Democrats continue to spout nonsense on Intelligence Reform

The National Review has an article that points out the nonsense Democrats have been saying in defense of their blocking of the terrorist wiretapping legislation, a bipartisan national security bill.

 

By: Andrew McCarthy

Senators Jay Rockefeller and Patrick Leahy joined Representatives Silvestre Reyes and John Conyers in penning a fatuous op-ed in the Washington Post Monday. The four are chairs of the intelligence and judiciary committees of, respectively, the Senate and House. They claim that the White House is engaged in fear-mongering when it decries the failure of House Democrats to enact a reform measure that would have preserved essential intelligence-collection authority — a bill that passed in the Democrat-controlled Senate by an overwhelming two-to-one margin and would similarly sail through the House if Speaker Nancy Pelosi would allow it to come to the floor.

The op-ed marks a dramatic shift for Rockefeller. The West Virginia Democrat championed the Senate bill, which was voted out of his committee by a 13-2 landslide. As recently as February 14, he was quite candid in
acknowledging that the consequence of allowing the Protect America Act (PAA) to lapse, as it did a little over a week ago when House Democrats refused to act, would be “degraded” intelligence-collection capacity.

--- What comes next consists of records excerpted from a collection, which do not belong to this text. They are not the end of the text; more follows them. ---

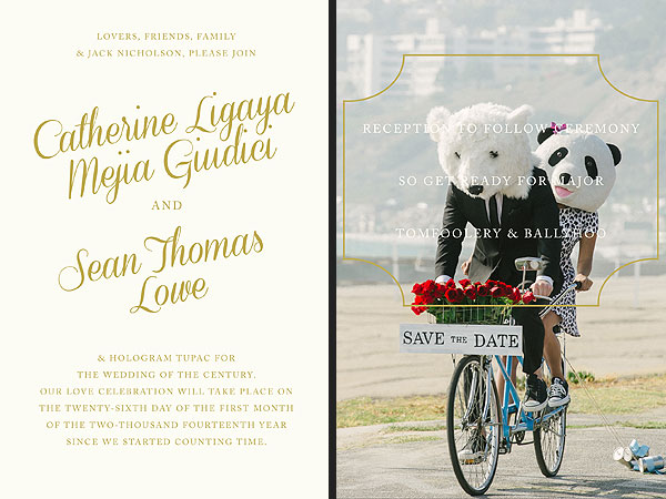 The wedding invite: Quirky like the couple. Possibly done/influenced by Catherine’s graphic design background? The wedding invitations were designed by Smitten on Paper, and included the punny phrase: “The LOWEdown on marrying, eating, boogie-ing all night long.
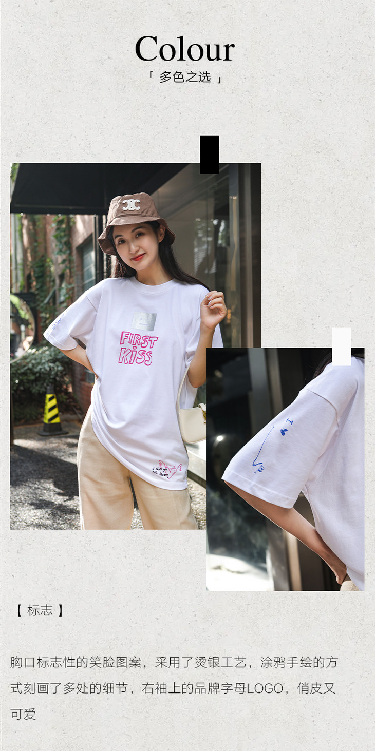 有机长绒棉/烫银笑脸印花AS宽松T恤-男女版 QH382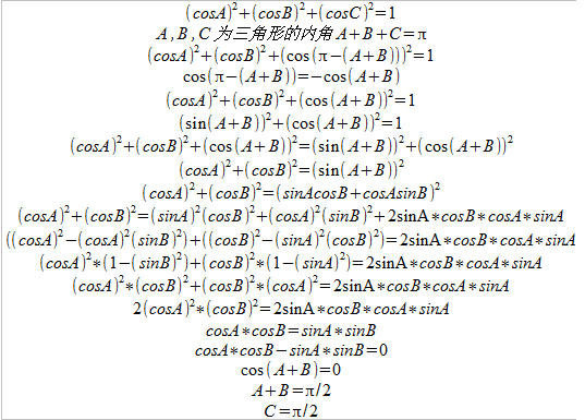 记 a=cos(A), b=cos(B), 则已知条件为 a^2+b^2+cos^2(C)=1...(1) cos(C)=cos(2pi -(A+B)) = cos(A+B)=cos(A)cos(B)-sin(A)sin(B) 则(1)式成为 a^2 + b^2 + (ab - sin(A)sin(B))^2 = 1 或 a^2 + b^2 +a^2*b^2 - 2absin(A)sin(B) +sin^2(A)sin^2(B) = 1 或 a^2 + b^2 +a^2*b^2 - 2absin(A)sin(B) +(1-a^2)(1-b^2) = 1 或 a^2*b^2 = absin(A)sin(B) 或 ab = sin(A)sin(B) 或 cos(A)cos(B) - sin(A)sin(B) = 0 或 cos(A+B) = 0 即 A+B= pi/2 = 90度 所以,我断定,这是个直角三角形。反之,任何一个直角三角形显然都满足给定的等式(1)。 嘿嘿,杨白劳悄悄地问一下,债还得差不多啦? |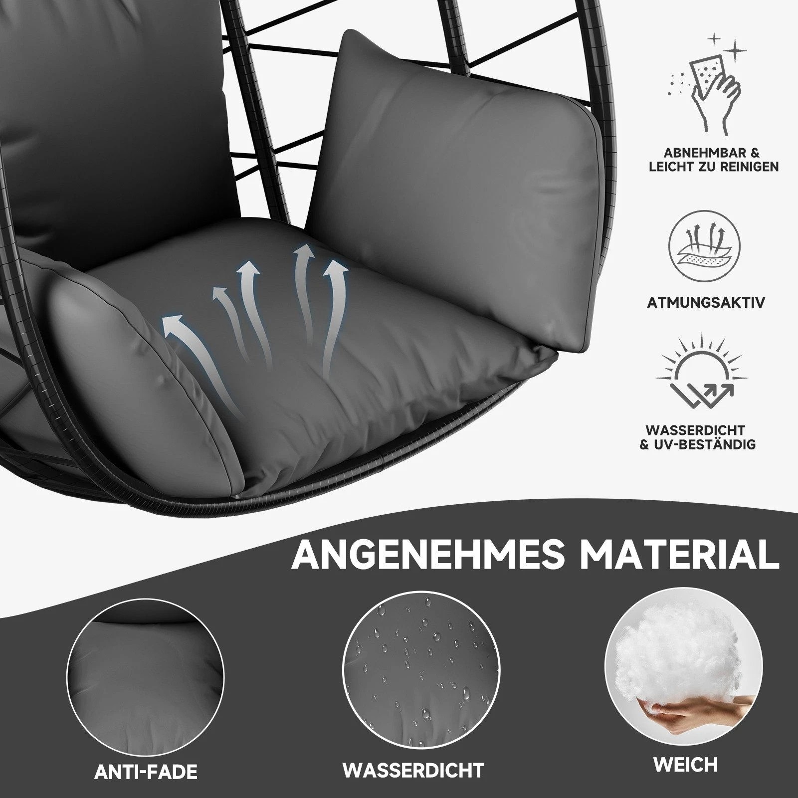Das verdickte Kissen hat eine gute Unterstützung und Polsterung Leistung, die so weich wie eine Wolke ist, und kann auch genug Unterstützung bieten, damit Sie eine komfortable Lese Freizeit in unserem Schaukel Ei Stuhl genießen.

Now, however, with his fellow Democrats getting hammered as unserious about protecting American lives, it’s evidently time to close ranks. Rockefeller has suddenly joined the “Everything Is Beautiful” chorus that claims the sun’s setting on the PAA is really no big deal since any security gaps can still be filled by FISA — the ill-conceived, obsolete Foreign Intelligence Surveillance Act of 1978.

But not all new players. If new groups emerge, the previously issued PAA directives will not permit surveillance of them and their operatives.

And new groups are emerging all the time — highly capable new groups. Recent intelligence estimates indicate that just in the Afghanistan/Pakistan border region, nearly a quarter million men have received some measure of paramilitary training in jihadist camps. Does anyone really think we have a handle on more than a bare fraction of these potential threats?

Well, it may be perfectly fine with them, but it will not be perfectly fine with most Americans. The FISA court may not authorize surveillance unless the government shows probable cause — a courtroom proof standard — that its target is a foreign agent. Indeed, the government must not only prove probable cause; it must also demonstrate that high-level executive branch officials have been consulted and have assented to the need for eavesdropping, and that there are not less intrusive alternatives for obtaining the desired information (we would not, after all, want to tread unnecessarily on the privacy rights of, say, an Egyptian jihadist in Baghdad).

Not to worry, the top Democrat lawmakers tell us. The FISA court “has approved nearly 23,000 warrant applications and rejected only five” since its creation in 1978. If that isn’t sleight of hand, I don’t know what is.

First, as noted above, the FISA court only gets applications when we already have “probable cause.” Until 2007, however, when the selfsame FISA court suddenly rewrote 30 years of law and practice, probable-cause was never our standard for collecting intelligence overseas. That’s because having “probable cause” means you already know someone is a danger. What we try to do overseas — or, at least, what we used to try to do overseas before the FISA court assumed the law-writing and intelligence-management jobs of the other branches — is figure out who may be a danger. Especially when our current intelligence gap involves previously unknown terrorist groups, it is absurd to hamstring surveillance coverage with a probable-cause burden — if we had probable cause, the threat wouldn’t be unknown.

Second, it should come as no surprise that there is a very high rate of approved FISA applications. Intelligence-gathering is an executive function, not a judicial function. Under the Constitution, the executive branch only needs reasonable suspicion to conduct national security surveillance inside the U.S., and does not need any justification for conducting such surveillance outside the United States. Thus, there should never be a time when the FISA court denies an application if the executive branch appears to have probable cause.

Third, while the FISA court routinely authorizes applications for surveillance, it has — particularly since 2002 — taken to “modifying” many executive branch requests. The applications and orders are classified, so we do not know what limitations on surveillance these modifications may entail.

Fourth, it is worth mentioning 2002 because that was the year the FISA Court of Review — in its only ever known ruling — had to step in and reverse the FISA court. Why? Because that tribunal attempted by judicial fiat to rebuild the infamous “wall” which prevented intelligence agents from communicating with criminal investigators and prosecutors pursuing terrorism cases. That wall was the culprit in the last lost opportunities the FBI had to uncover the 9/11 plot.